Minogue shrugged. He picked up his drink and headed into the crowd. Kilmartin followed. Blocked for several moments by two women executing an impromptu two-step to the repeated chorus, Minogue turned to his colleague.

“How come he’s here?”

“Well, he phoned earlier in the day. Asked if you were around or if I’d be in touch with you. I happened to mention that you-well, Kathleen, I mean-had invited us up to this madhouse for a jar. Social, like.”

Minogue probed for sincerity in Kilmartin’s eyes before making his way toward the Garda Commissioner.

Tynan stepped out the front door of the pub and into the yard. Minogue and Kilmartin ambled with him toward the wall that flanked the Barnacullia road below.

“Lovely,” said Tynan.

“Before your man inside started his shouting and screeching,” said Kilmartin.

“The view, I was thinking,” said Tynan.

The Commissioner leaned his elbows on the wall and looked out to the lights mapping the coastline of Dublin. North of the city, a plane’s winking lights floated down to meet the waiting airport lights. Behind them came the muffled rumble of the pub. The door opened and blew music out into the night, stealing it back as it slammed shut.

“A lot of our tax-free artists, musicians and the like, live up around here,” Tynan observed.

Minogue guessed that Tynan had attended parties in such houses.

“Social Welfare,” Minogue murmured. “Sort of grows on you.”

A trill sounded from somewhere on Tynan’s upper body.

“Excuse me,” he said, and he pulled out a telephone from inside his coat.

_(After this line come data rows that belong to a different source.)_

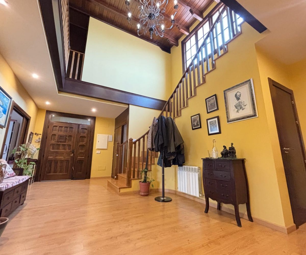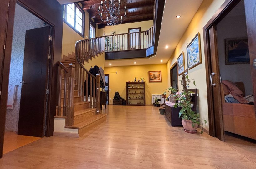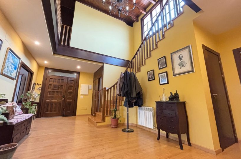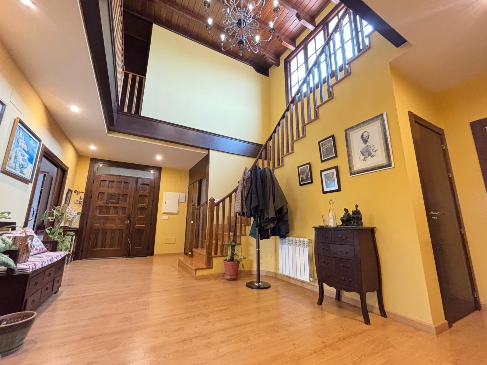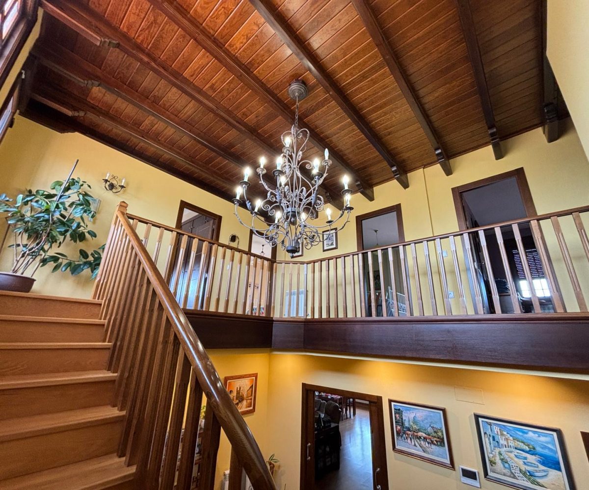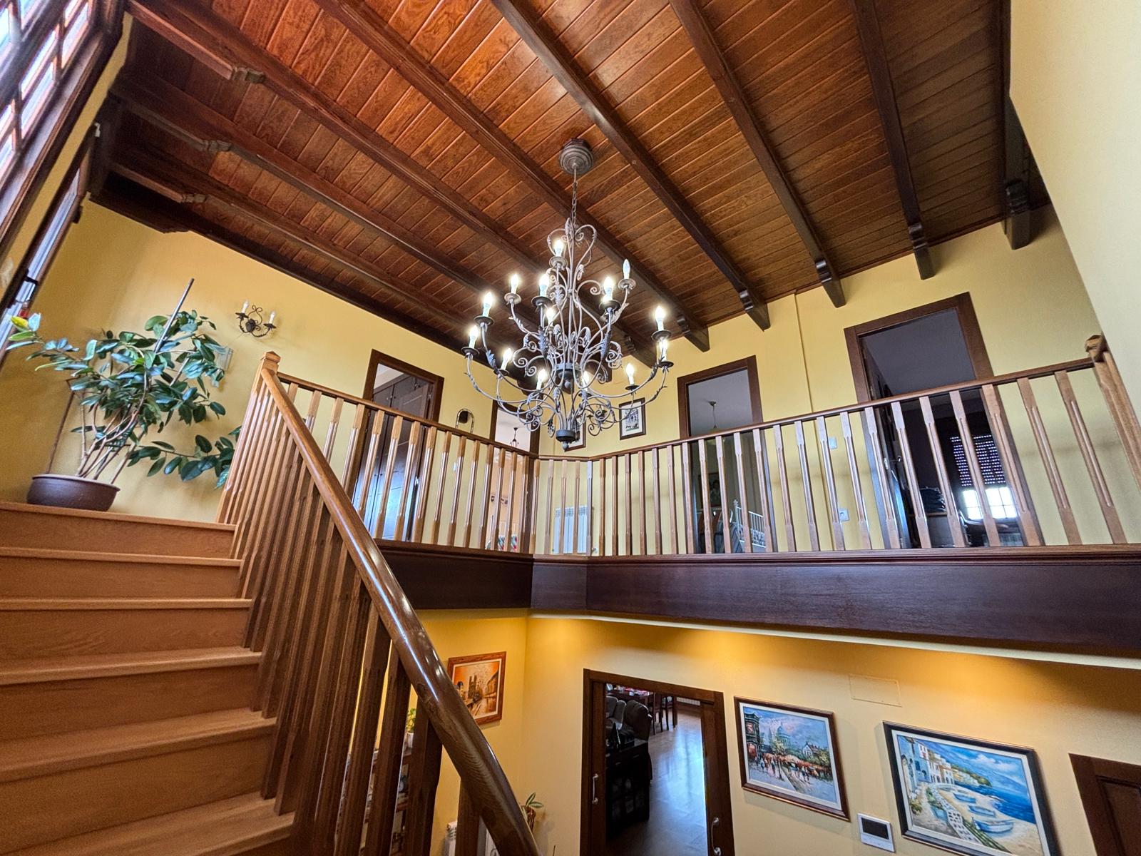 Desde el primer paso, la vivienda impresiona: un hall central y artesonado de madera que transmite elegancia, personalidad y exclusividad.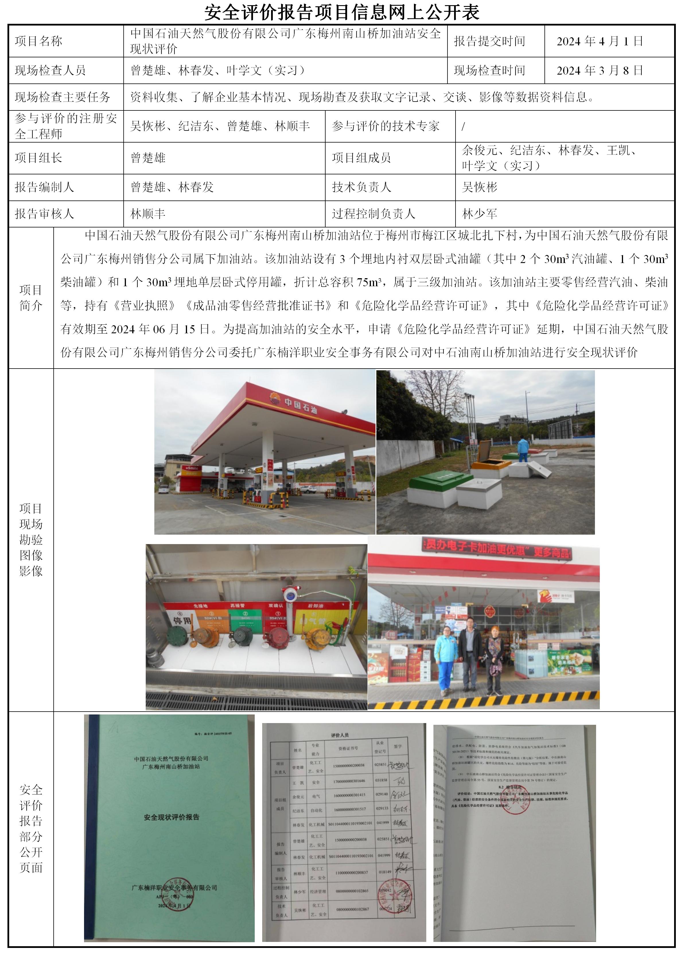 中国石油天然气股份有限公司广东梅州南山桥加油站安全现状评价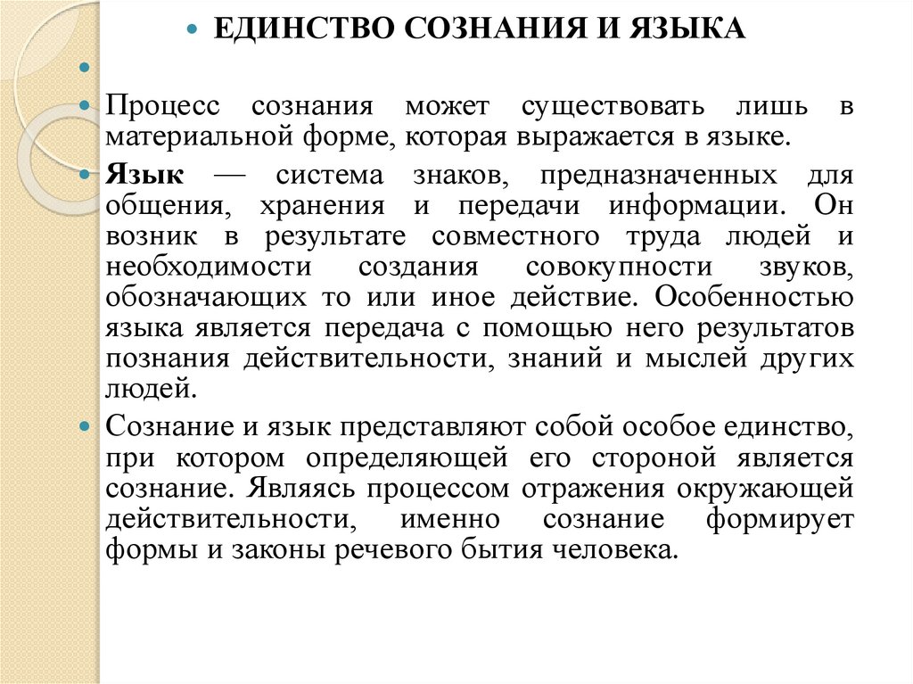 ЕДИНСТВО СОЗНАНИЯ И ЯЗЫКАПроцесс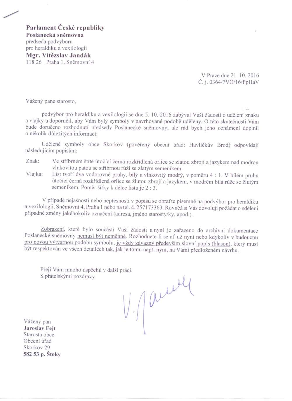 Rozhodnutí PSČR o přidělení znaku a vlajky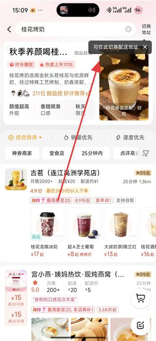 3、選擇趨勢播報里的飲品,比如桂花烤奶,點擊進入相關頁面,可看到飲品介紹,還有綜合排序、銷量優先等排序選項,以及不同店鋪的桂花烤奶展示。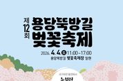 한방통신사 신다은기자 기자 | 순천시 삼산동행정복지센터는 4월 4일 동천 벚꽃길 일대(용당동 705)에서 ‘국가하천 동천에서 눈부신 행복의 순간 함께해요, 우리’라는 주제로 제12회 용당뚝방길 벚꽃축제를 개최한다고 밝혔다. 이번 축제는 오전 11시부터 오후 5시까지 진행된다. K-pop 댄스, 저글링, 태권도 군무 등 다채로운 공연부터 달고나, 페이스페인팅, 풍선아트, 헤어핀 만들기, 쿠키 아이싱, 벚꽃 사진관 부스 등 남녀노소 누구나 함께 어울려 즐길 수 있는 다양한 체험 프로그램이 준비돼 있다. 삼산동 직능단체에서 운영하는 음식 부스에서는 정성 가득한 음식도 맛볼 수 있다. 특히, 지난 축제와 달리 올해는 아이들이 마음껏 뛰어놀 수 있는 에어바운스가 설치되고, 삼산동 대표 캐릭터인 ‘꾸비’ 대형 공기 조형물 2개가 행사장에 배치돼 방문객들을 더욱 친근하게 맞이할 예정이다. 관내 유관기관도 함께 힘을 보탠다. 순천경찰서에서는 실종아동 예방을 위해 사전지문 미등록 아동을 대상으로 한 현장 등록 부스를 운영할 계획이며, 순천시 보건소에서도 만 60세 이상을 대상으로 치매 예방을 위한 치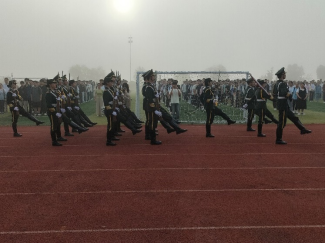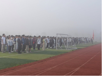 心中有目标,雾散不迷航。清晨六点四十五分,全校师生齐聚操场。扬雄风,挺傲骨,步履铿锵,国旗护卫队肩扛国旗,担当使命。升国旗,奏国歌,红旗飘扬,庄重肃穆,全场师生齐唱国歌,行注目礼。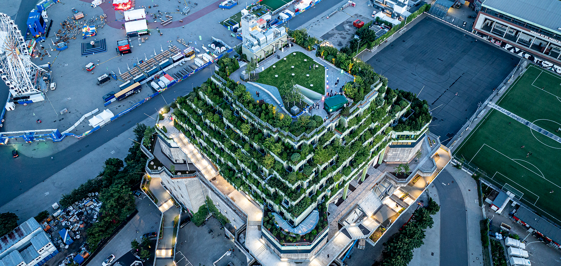 To ensure your guests have the best possible experience—whether with refreshing drinks at summer parties or fruity mulled wine at Christmas celebrations—your event at the Georg-Elser-Halle can be seamlessly combined with the rooftop garden of the Flakbunker. This green space not only invites guests to network and linger, but also offers a breathtaking view of Hamburg.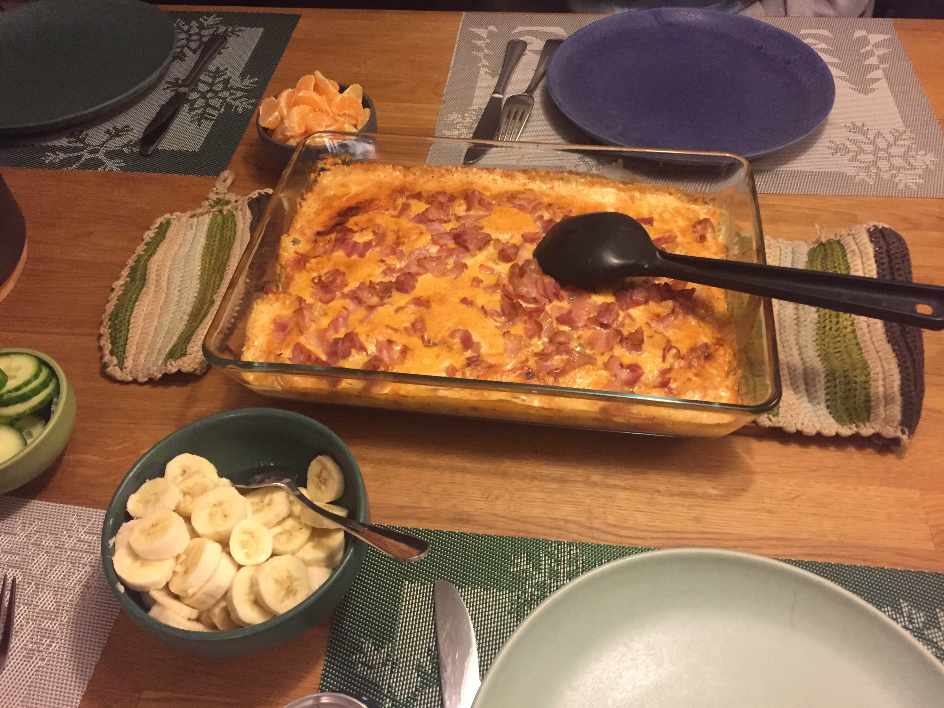 Till kvällen gjorde jag Flygande Jakob. Ris till vissa och blomkålsris till LCHF arna.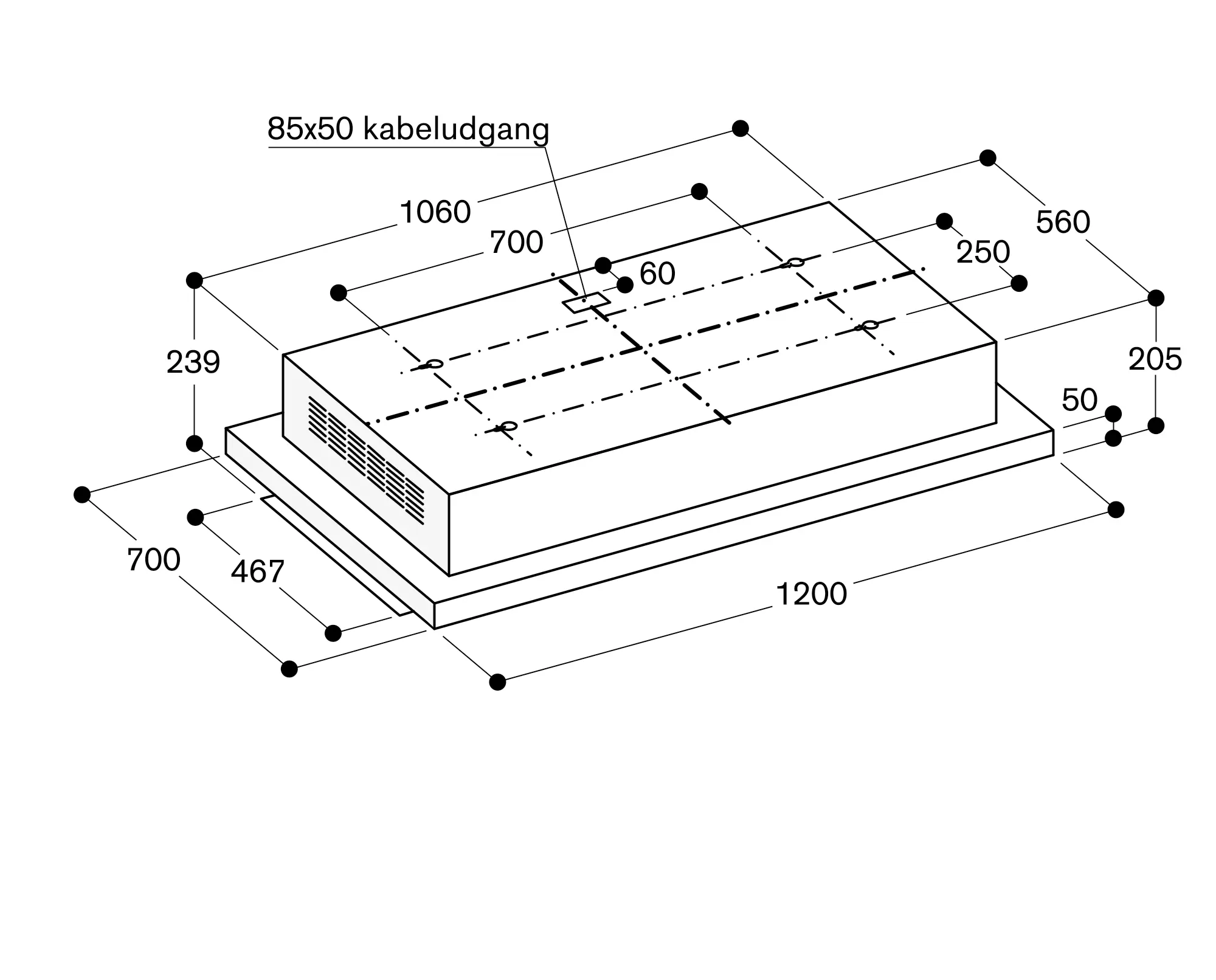 For at opfange mest muligt mados bør loftsemhætten mindst dække hele komfuret og bør placeres midt over det. Den kan ikke kombineres med VR, VP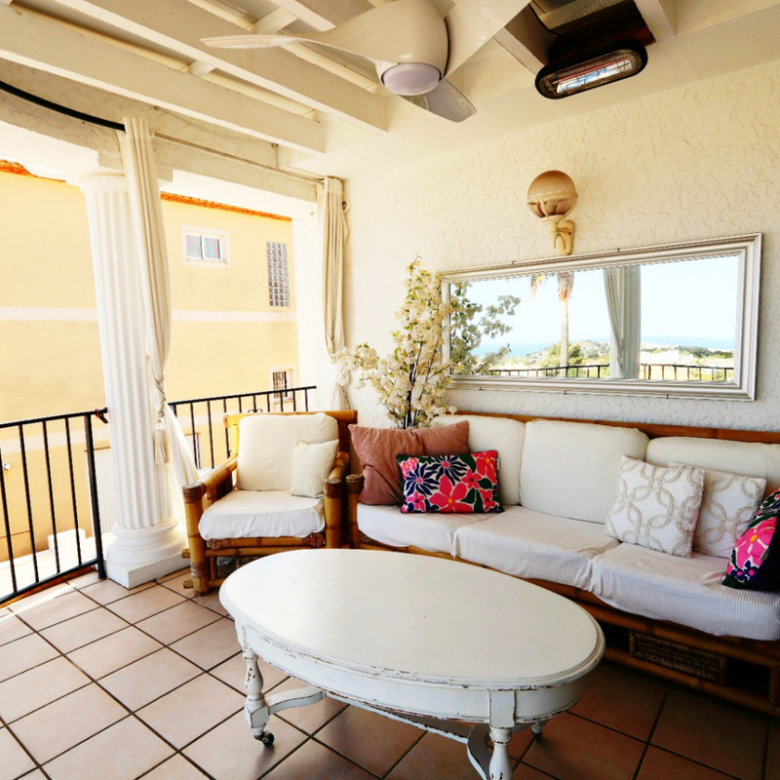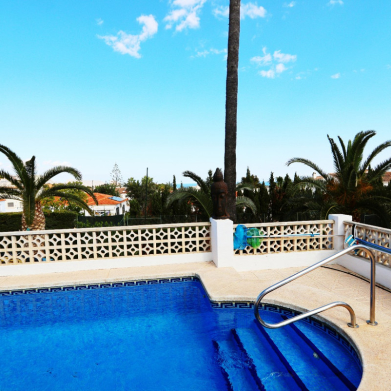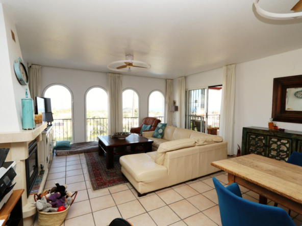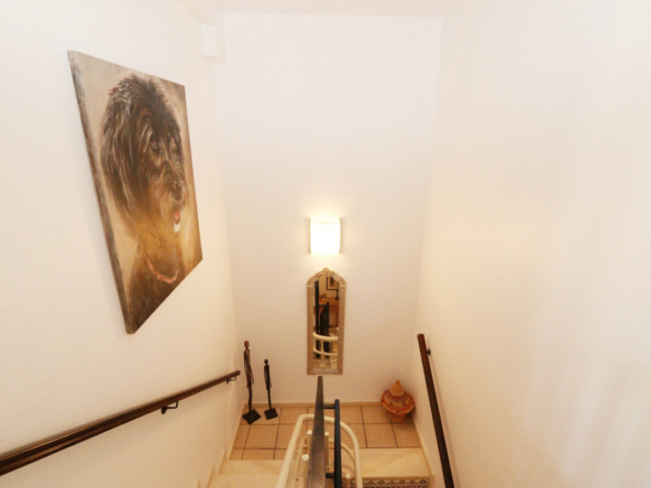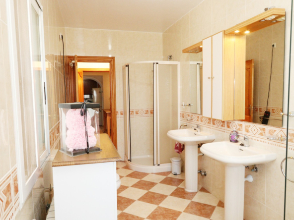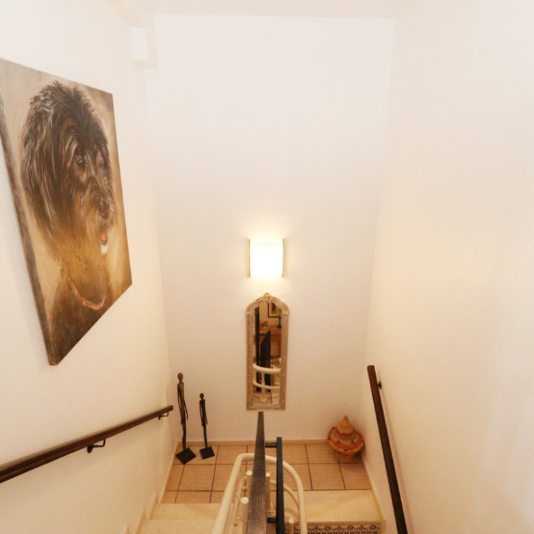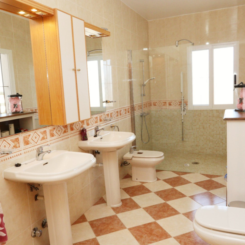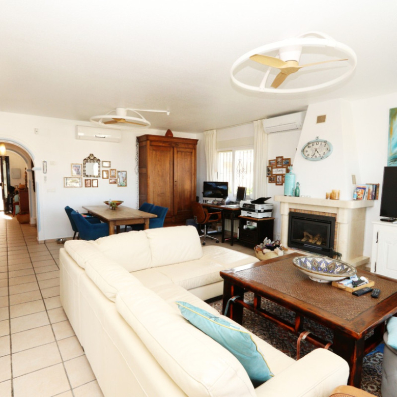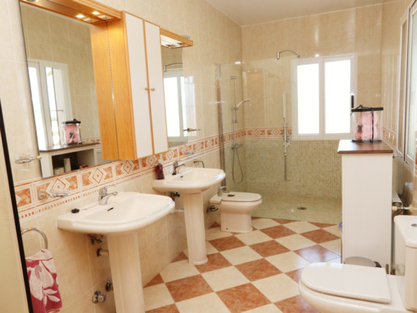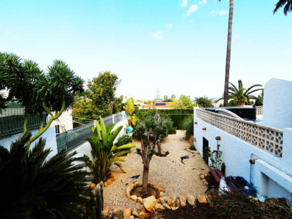 Le rez-de-chaussée est accessible à la fois de l’intérieur et de l’extérieur, ce qui en fait un choix idéal pour se divertir. Cet espace dispose également d’une cuisine séparée, ainsi que de 4 autres chambres (l’une d’entre elles actuellement aménagée en studio d’art), de 2 salles de bains spacieuses et d’une belle terrasse donnant sur la piscine chauffée. Les jardins nécessitant peu d’entretien, avec des palmiers, des arbres fruitiers et des arbustes, créent une atmosphère relaxante. La piscine est l’endroit idéal pour se rafraîchir pendant les nuits d’été chaudes et douces, et a l’avantage supplémentaire d’un jacuzzi au bord de la piscine et d’une douche extérieure.

He fingered a switch and turned away. Kilmartin elbowed Minogue and winked. Minogue felt like punching his colleague hard in the shoulder.

“Give me a half an hour, then,” Tynan said. The door of the pub opened again.

… a desperate town,

…and I’m a…

Tynan dropped the phone down the inside of his coat.

“Apparently I’m late for something. So says Rachel.”

Why come up here then, Minogue thought. Tynan’s clairvoyance startled the Inspector.

“I heard you’d be doing some of your recuperating up here tonight,” he said. “So I decided to drop by.”

Kilmartin took a drink from his glass, shuffled and looked out over the lights.

“Well. How is it with you?”

“Everything takes time.”

“You got off to a false start there in the County Hospital in Ennis,” Tynan said.

Minogue had been waiting for Kilmartin’s gibe about his mad rush to get out of County Clare but it had yet to be uttered.

“I didn’t realise the shape I was really in,” Minogue said. “It was almost like a dream, I remember thinking.”

“A bad business,” said Tynan. “But you did right.”

Minogue wanted to contest this. He had already detected in Tynan’s gaze that the Commissioner knew something about him from talking to others. Minogue had spoken but once to the Commissioner, when Tynan had phoned him at home.

“Well, now. Did Jim pass on the word to you?”

Kilmartin was now swaying slightly from the knees. He did not look away from the lights below.

“No.”

“The Squad stays as is,” said Tynan. “That’s what I decided.”

The Commissioner turned to Kilmartin with an eyebrow up.